» Directions
When you reach the line that contains "值得注意的是,工業(yè)危" in the data below, start reproducing lines exactly, and stop after the line that contains "Slay in pants".

» Data provided
----------------

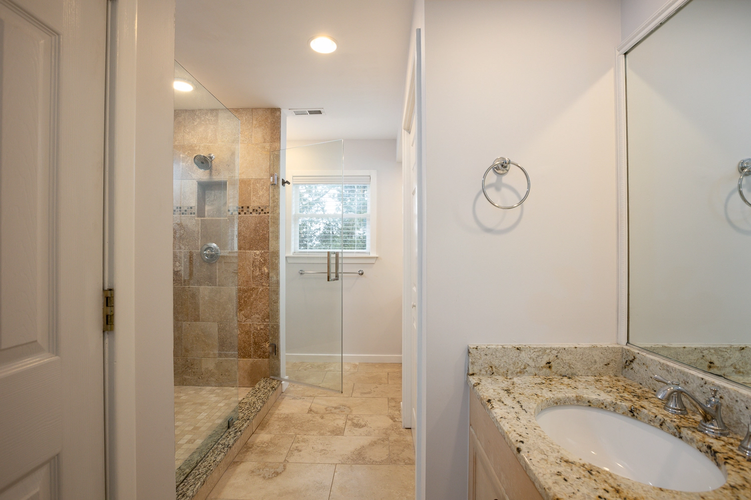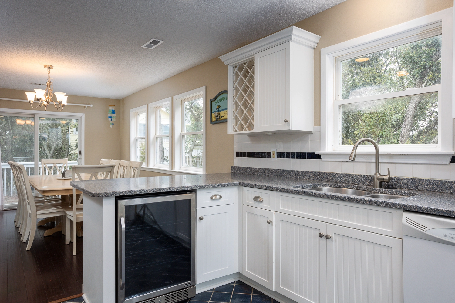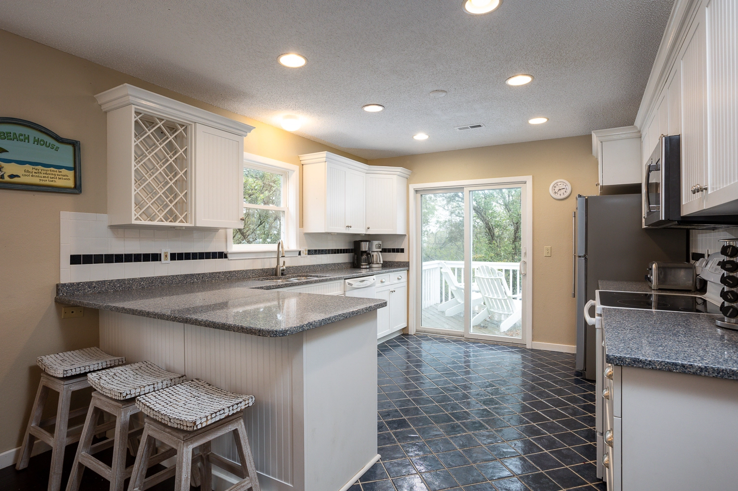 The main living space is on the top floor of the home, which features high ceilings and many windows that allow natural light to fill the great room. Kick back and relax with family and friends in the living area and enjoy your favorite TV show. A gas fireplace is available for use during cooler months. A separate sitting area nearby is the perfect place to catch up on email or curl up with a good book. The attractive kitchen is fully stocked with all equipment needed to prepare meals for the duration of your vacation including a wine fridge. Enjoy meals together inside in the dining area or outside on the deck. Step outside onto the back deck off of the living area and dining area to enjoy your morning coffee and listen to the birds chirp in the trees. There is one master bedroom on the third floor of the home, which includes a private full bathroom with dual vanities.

----------------

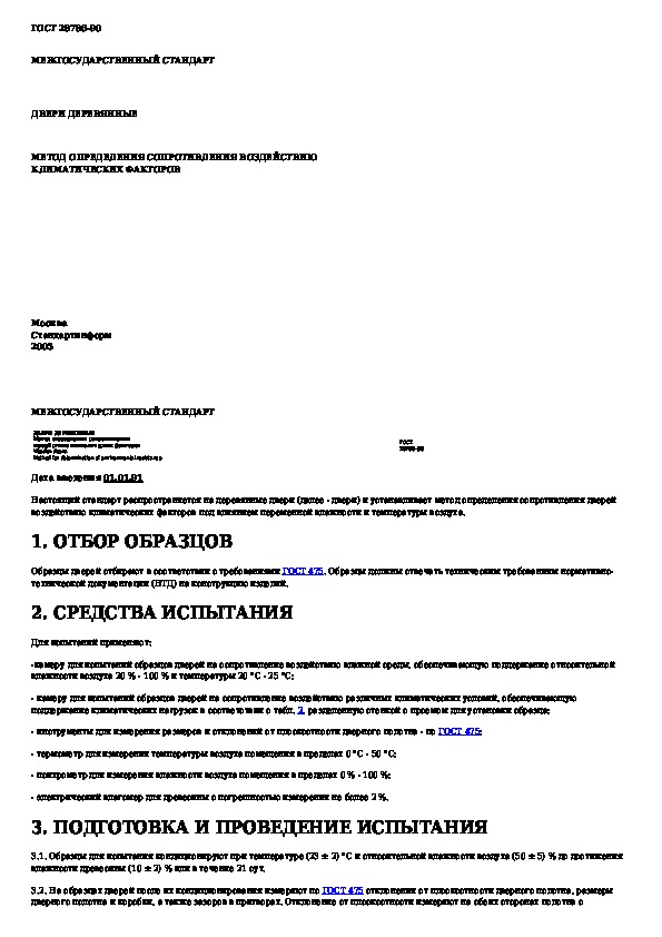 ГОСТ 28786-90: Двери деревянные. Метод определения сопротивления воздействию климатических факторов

----------------

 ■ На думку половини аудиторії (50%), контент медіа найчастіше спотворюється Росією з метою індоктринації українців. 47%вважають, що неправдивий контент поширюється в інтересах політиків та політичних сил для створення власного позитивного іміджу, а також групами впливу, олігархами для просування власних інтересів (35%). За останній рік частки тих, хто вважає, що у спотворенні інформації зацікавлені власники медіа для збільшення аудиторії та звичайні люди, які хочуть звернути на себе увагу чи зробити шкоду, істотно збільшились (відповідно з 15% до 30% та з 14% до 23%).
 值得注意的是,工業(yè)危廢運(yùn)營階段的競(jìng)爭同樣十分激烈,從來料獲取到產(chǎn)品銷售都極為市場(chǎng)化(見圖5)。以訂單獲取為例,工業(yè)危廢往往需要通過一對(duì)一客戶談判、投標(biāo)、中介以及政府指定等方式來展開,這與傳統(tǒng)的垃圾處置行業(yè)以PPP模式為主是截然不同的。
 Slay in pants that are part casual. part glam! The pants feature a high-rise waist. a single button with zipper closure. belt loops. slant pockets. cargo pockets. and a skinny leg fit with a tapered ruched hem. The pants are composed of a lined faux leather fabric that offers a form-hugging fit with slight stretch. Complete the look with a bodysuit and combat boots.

----------------

» Solved problem
 值得注意的是,工業(yè)危廢運(yùn)營階段的競(jìng)爭同樣十分激烈,從來料獲取到產(chǎn)品銷售都極為市場(chǎng)化(見圖5)。以訂單獲取為例,工業(yè)危廢往往需要通過一對(duì)一客戶談判、投標(biāo)、中介以及政府指定等方式來展開,這與傳統(tǒng)的垃圾處置行業(yè)以PPP模式為主是截然不同的。
 Slay in pants that are part casual. part glam! The pants feature a high-rise waist. a single button with zipper closure. belt loops. slant pockets. cargo pockets. and a skinny leg fit with a tapered ruched hem. The pants are composed of a lined faux leather fabric that offers a form-hugging fit with slight stretch. Complete the look with a bodysuit and combat boots.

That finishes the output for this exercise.